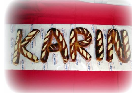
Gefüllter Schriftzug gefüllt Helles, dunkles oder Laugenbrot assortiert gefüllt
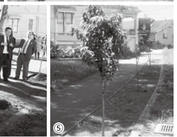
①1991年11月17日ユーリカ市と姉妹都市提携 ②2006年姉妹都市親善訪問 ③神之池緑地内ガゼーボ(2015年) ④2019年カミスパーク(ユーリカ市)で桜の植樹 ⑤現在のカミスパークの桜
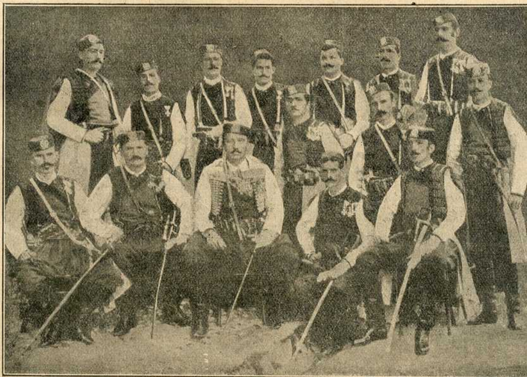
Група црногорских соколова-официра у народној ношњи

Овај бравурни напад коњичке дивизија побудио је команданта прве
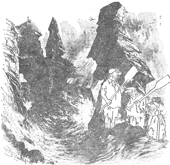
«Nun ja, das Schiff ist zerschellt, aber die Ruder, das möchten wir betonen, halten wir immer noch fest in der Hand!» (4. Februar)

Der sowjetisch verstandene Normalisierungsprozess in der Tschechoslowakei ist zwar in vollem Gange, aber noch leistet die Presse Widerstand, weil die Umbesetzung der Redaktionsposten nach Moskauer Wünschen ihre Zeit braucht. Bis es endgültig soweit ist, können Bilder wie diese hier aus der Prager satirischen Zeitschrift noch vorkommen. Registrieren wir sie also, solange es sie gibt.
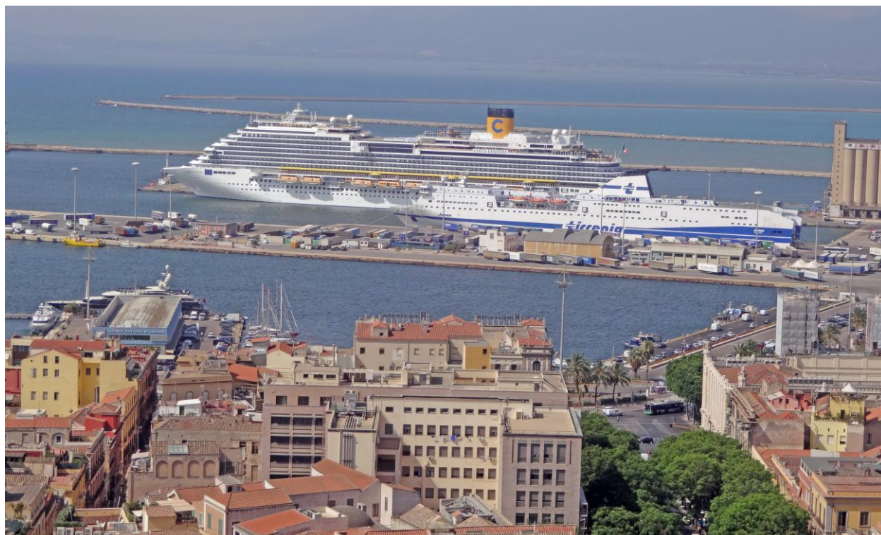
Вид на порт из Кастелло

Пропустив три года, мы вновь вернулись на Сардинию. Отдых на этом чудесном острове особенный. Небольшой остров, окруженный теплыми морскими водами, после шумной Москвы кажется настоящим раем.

• Task to complete:
Where the string "noch" appears in a line of the entries above, return that line.

• Finished exercise:
«Nun ja, das Schiff ist zerschellt, aber die Ruder, das möchten wir betonen, halten wir immer noch fest in der Hand!» (4. Februar)
Der sowjetisch verstandene Normalisierungsprozess in der Tschechoslowakei ist zwar in vollem Gange, aber noch leistet die Presse Widerstand, weil die Umbesetzung der Redaktionsposten nach Moskauer Wünschen ihre Zeit braucht. Bis es endgültig soweit ist, können Bilder wie diese hier aus der Prager satirischen Zeitschrift noch vorkommen. Registrieren wir sie also, solange es sie gibt.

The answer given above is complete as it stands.